Input data Block Start

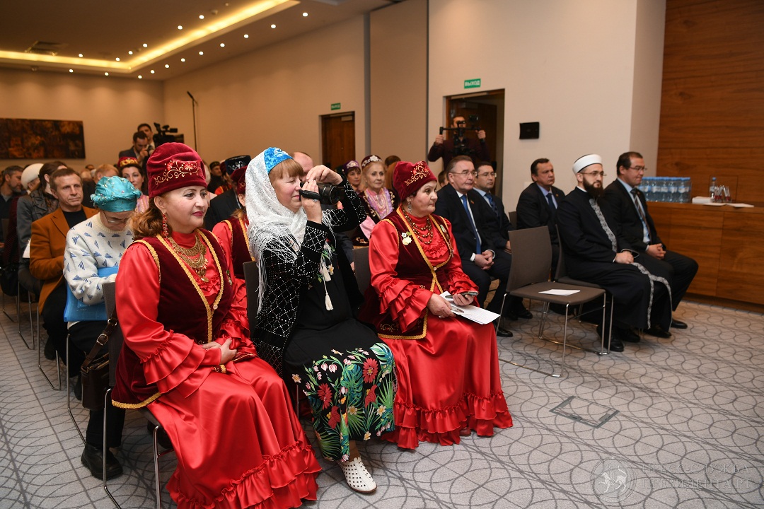 Җәмигъ мәчетендә булганнан соң, Рөстәм Нургали улы җитәкчелегендәге делегация Беларусь Республикасының татар җәмгыяте активы белән очрашуга юнәлде. Очрашуда Россия Федерациясенең Беларусь Республикасындагы гадәттән тыш һәм тулы вәкаләтле вәкиле Дмитрий Мезенцев та катнашты. Ул кунакларны һәм илдәшләрен сәламләп, белорус татарларының милли традицияләрен һәм мәдәниятен саклап калуның мөһимлеген билгеләп үтте. «Бүген биредә барыбызның да бердәм гаилә хисе бар. Нинди телдә сөйләшүебез мөһим түгел. Россия һәм Беларусь халыклары, бөтен СССР халыклары иңне-иңгә куеп Ватанны дошманнан сакладылар. 11 этник татар, Беларусь гражданнары Советлар Союзы геройлары булдылар – бу шулай ук бик мөһим», - дип ассызыклады ул.
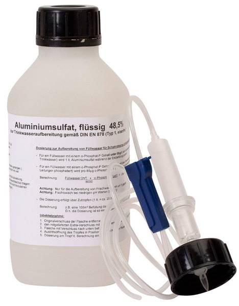 - WM Aluminiumsulfatlösung ist nur für die Aufbereitung von Leitungswasser geeignet! Denn dieses wird vom Wasserversorger auf einen pH-Wert von rund 7 eingestellt. Natürliche Gewässer und auch Schwimmteiche weisen jedoch in der Regel einen höheren pH-Wert von 8,4 auf. Bei diesen pH-Wert funktioniert die Phosphatfällung nicht, da das Aluminium sofort als Aluminiumoxid ausfällt.
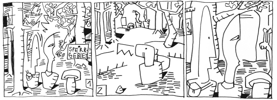 | (14 / 56) Auch Vulkana und Woo-Fi erreichen den Rand des Sperrgebietes, wo sie das Verbotsschild aufhält. Sie gestikulieren und rufen. Der Wergler, der sich in seiner Arbeit gestört fühlt, möchte wissen, was los ist, und schickt die Schneckenpost. |
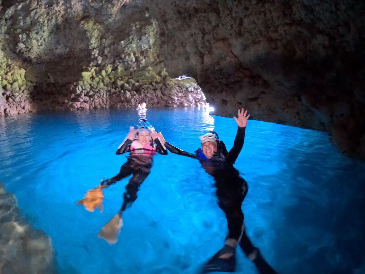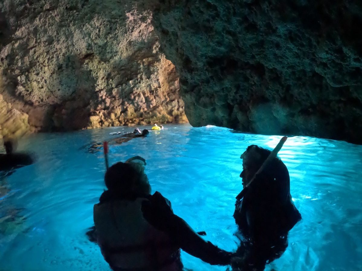 ポイント地点から泳ぎながら青の洞窟に行くので距離が少しあるのと、波が高かったので体力が必要ですが、その間に魚が見れたり泳げるので楽しかったです!また青の洞窟はとてもきれいで神秘的でした。。いつもはとてもたくさんの観光客の方がいるとのことでしたが、今回は人数が少なくゆっくり全体を見れてとてもよかったです!担当の方も気さくな方で楽しかった:)少し疲れるので帰りお菓子を持っていって正解と思いました!
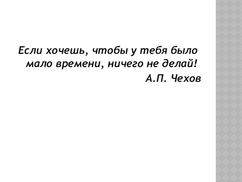 Слайд 3Если хочешь, чтобы у тебя было мало времени, ничего не делай!
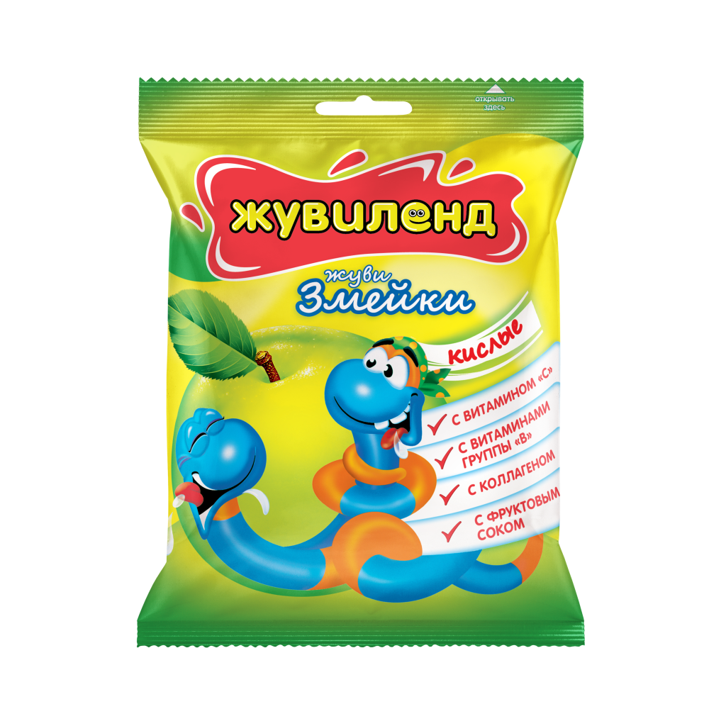 - Фруктовый желейно-жевательный мармелад, обсыпанный смесью сахара и яблочной кислоты в форме змеек.

Input data Block End

Goal of the exercise >> When you copy the records above, keep every word exact and drop the pictures.

Response below >>
 Җәмигъ мәчетендә булганнан соң, Рөстәм Нургали улы җитәкчелегендәге делегация Беларусь Республикасының татар җәмгыяте активы белән очрашуга юнәлде. Очрашуда Россия Федерациясенең Беларусь Республикасындагы гадәттән тыш һәм тулы вәкаләтле вәкиле Дмитрий Мезенцев та катнашты. Ул кунакларны һәм илдәшләрен сәламләп, белорус татарларының милли традицияләрен һәм мәдәниятен саклап калуның мөһимлеген билгеләп үтте. «Бүген биредә барыбызның да бердәм гаилә хисе бар. Нинди телдә сөйләшүебез мөһим түгел. Россия һәм Беларусь халыклары, бөтен СССР халыклары иңне-иңгә куеп Ватанны дошманнан сакладылар. 11 этник татар, Беларусь гражданнары Советлар Союзы геройлары булдылар – бу шулай ук бик мөһим», - дип ассызыклады ул.
 - WM Aluminiumsulfatlösung ist nur für die Aufbereitung von Leitungswasser geeignet! Denn dieses wird vom Wasserversorger auf einen pH-Wert von rund 7 eingestellt. Natürliche Gewässer und auch Schwimmteiche weisen jedoch in der Regel einen höheren pH-Wert von 8,4 auf. Bei diesen pH-Wert funktioniert die Phosphatfällung nicht, da das Aluminium sofort als Aluminiumoxid ausfällt.
 | (14 / 56) Auch Vulkana und Woo-Fi erreichen den Rand des Sperrgebietes, wo sie das Verbotsschild aufhält. Sie gestikulieren und rufen. Der Wergler, der sich in seiner Arbeit gestört fühlt, möchte wissen, was los ist, und schickt die Schneckenpost. |
 ポイント地点から泳ぎながら青の洞窟に行くので距離が少しあるのと、波が高かったので体力が必要ですが、その間に魚が見れたり泳げるので楽しかったです!また青の洞窟はとてもきれいで神秘的でした。。いつもはとてもたくさんの観光客の方がいるとのことでしたが、今回は人数が少なくゆっくり全体を見れてとてもよかったです!担当の方も気さくな方で楽しかった:)少し疲れるので帰りお菓子を持っていって正解と思いました!
 Слайд 3Если хочешь, чтобы у тебя было мало времени, ничего не делай!
 - Фруктовый желейно-жевательный мармелад, обсыпанный смесью сахара и яблочной кислоты в форме змеек.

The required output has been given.